Through the war and beyond

In a few months the MiG-1 was replaced by the MiG-3, an even faster model with a higher flight ceiling. In the early years of the Second World War it was the Soviets’ most advanced fighter and the most widespread among the new generation of aircraft: More than 3,000 MiG-3 aircraft came off the assembly lines in 1942. However, their production was virtually phased out that year since heavy battle losses meant that Soviet industry could not produce sufficient numbers of the MiG’s sophisticated engine.

MiG-3. Source: MiG

The Moscow manufacturing facilities had to be evacuated to the Volga city of Kuibyshev (now called Samara), but it was not possible to reproduce from scratch the entire complex production chain of the MiG – this happened only after the enterprise was later relocated back to Moscow.

The Soviet designers were immediately presented with a new task: In the battles with the Luftwaffe it had become clear that the next step was the transition to jet engines that could significantly increase an aircraft’s speed. The engine’s creation was assigned to Mikoyan and Gurevich, and the resultant MiG-9 performed its maiden and pioneering flight for Soviet jet technology in 1946.

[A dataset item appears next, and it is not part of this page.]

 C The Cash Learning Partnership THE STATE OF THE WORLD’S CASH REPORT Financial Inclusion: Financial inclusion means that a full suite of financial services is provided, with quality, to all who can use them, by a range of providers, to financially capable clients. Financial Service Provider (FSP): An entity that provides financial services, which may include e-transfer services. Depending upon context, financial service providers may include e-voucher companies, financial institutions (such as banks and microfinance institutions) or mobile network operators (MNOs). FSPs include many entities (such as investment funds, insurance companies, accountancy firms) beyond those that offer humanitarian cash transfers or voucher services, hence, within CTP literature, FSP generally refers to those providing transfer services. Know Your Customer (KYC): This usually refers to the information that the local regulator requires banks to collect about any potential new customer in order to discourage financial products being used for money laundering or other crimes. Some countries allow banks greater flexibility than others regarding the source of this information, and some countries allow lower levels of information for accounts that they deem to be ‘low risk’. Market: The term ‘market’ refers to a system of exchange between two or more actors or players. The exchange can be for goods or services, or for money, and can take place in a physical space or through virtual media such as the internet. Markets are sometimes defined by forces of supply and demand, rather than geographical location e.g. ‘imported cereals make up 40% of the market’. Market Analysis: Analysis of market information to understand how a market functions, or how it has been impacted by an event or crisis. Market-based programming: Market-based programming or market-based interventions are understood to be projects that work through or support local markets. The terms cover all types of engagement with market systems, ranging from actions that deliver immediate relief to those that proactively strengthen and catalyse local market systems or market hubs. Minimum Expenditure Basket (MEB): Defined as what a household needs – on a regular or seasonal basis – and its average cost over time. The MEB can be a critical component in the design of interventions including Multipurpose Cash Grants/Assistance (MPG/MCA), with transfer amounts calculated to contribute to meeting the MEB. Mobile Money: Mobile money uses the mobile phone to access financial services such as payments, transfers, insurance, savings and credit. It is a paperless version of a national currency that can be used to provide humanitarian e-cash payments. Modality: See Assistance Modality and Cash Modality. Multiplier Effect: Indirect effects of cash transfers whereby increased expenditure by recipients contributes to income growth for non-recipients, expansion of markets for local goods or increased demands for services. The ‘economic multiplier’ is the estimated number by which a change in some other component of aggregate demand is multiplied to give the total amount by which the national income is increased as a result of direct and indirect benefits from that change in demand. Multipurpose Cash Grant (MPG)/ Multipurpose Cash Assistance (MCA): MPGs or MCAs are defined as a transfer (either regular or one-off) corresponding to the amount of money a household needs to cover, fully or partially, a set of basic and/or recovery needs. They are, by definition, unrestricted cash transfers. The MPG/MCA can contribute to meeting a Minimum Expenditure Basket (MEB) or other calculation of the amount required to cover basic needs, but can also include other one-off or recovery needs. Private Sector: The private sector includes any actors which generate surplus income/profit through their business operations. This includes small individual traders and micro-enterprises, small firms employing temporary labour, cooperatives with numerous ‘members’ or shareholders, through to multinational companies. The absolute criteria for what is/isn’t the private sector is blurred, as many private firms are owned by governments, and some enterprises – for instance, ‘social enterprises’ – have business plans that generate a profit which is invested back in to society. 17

One year later, the designers created a new jet fighter, the MiG-15, which was the first to fly at more than 1,000 km/h (over 620 mph).

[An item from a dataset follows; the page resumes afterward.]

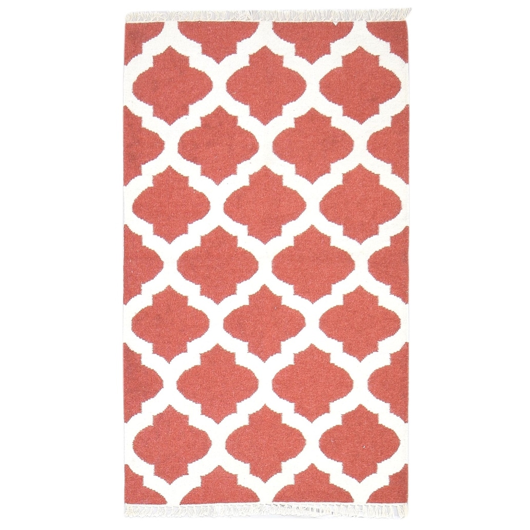 One of a Kind Flatweave Modern 3' x 5' Trellis Wool Pink Rug - 3' x 5'

An Albanian MiG-15 sits near a hanger at the Galatina military airport near Lecce, Italy, March 5, 1997. Source: AP

The MiG-15 was destined to become the most mass-produced jet in history, with 15,500 built over 10 years. Incredibly, the last of these was phased out of the Albanian air force only in 2006.

In the 1950s, Mikoyan actively perfected this hit model. The MiG-17 and MiG-19 went on to break the sound barrier, and the latter model came close to reaching the 1,500 km/h mark.

However, the real breakthroughs came over the next two decades, as the MiG-21 rolled off the assembly line to become the most mass-produced supersonic aircraft in history, distinguished by the characteristic triangular configuration of its wings.

Czech MIG-21 fighter at the Czech air force base in Caslav, June 19, 2001. Source: AP

Over the years, more than 60 countries were to field the MiG-21.

 

Catching up with the U.S. – and taking competition into space

At the end of the 1960s, Soviet engineers devised plans for a new plane that could rival the latest U.S. aircraft. The older models were inferior to the U.S. designs in range and weaponry, but the MiG-29 eliminated this gap in the 1980s, with a design that could serve as a bomber with a payload of more than two tons, and was also able to carry nuclear warheads. But the MiG-29 remained a fighter plane too, capable of attaining an altitude of 18 km and accelerating to 2,400 km/h (1,500 mph), with a range of 1,400 km (870 miles).

In Soviet times, the range of products of the MiG enterprises was extremely broad, up to and including the tentative MiG-105 project, a plane capable of launching air strikes from lower space. First conceived in the late 1960s, work on the “space plane” was periodically advanced in the 1970s in response to the U.S. shuttle program, but was finally canceled when the decision was made to proceed with the Soviet Buran space shuttle program instead.

Inside the MiG manufactory. Source: MiG

Today, the giant and illustrious company founded by Mikoyan and Gurevich is still regarded as a flagship of the Russian aircraft industry. Apart from serving in Moscow’s own armed forces, they operated for 70 years in the air forces of China, India, the countries of Eastern Europe and the former Soviet republics.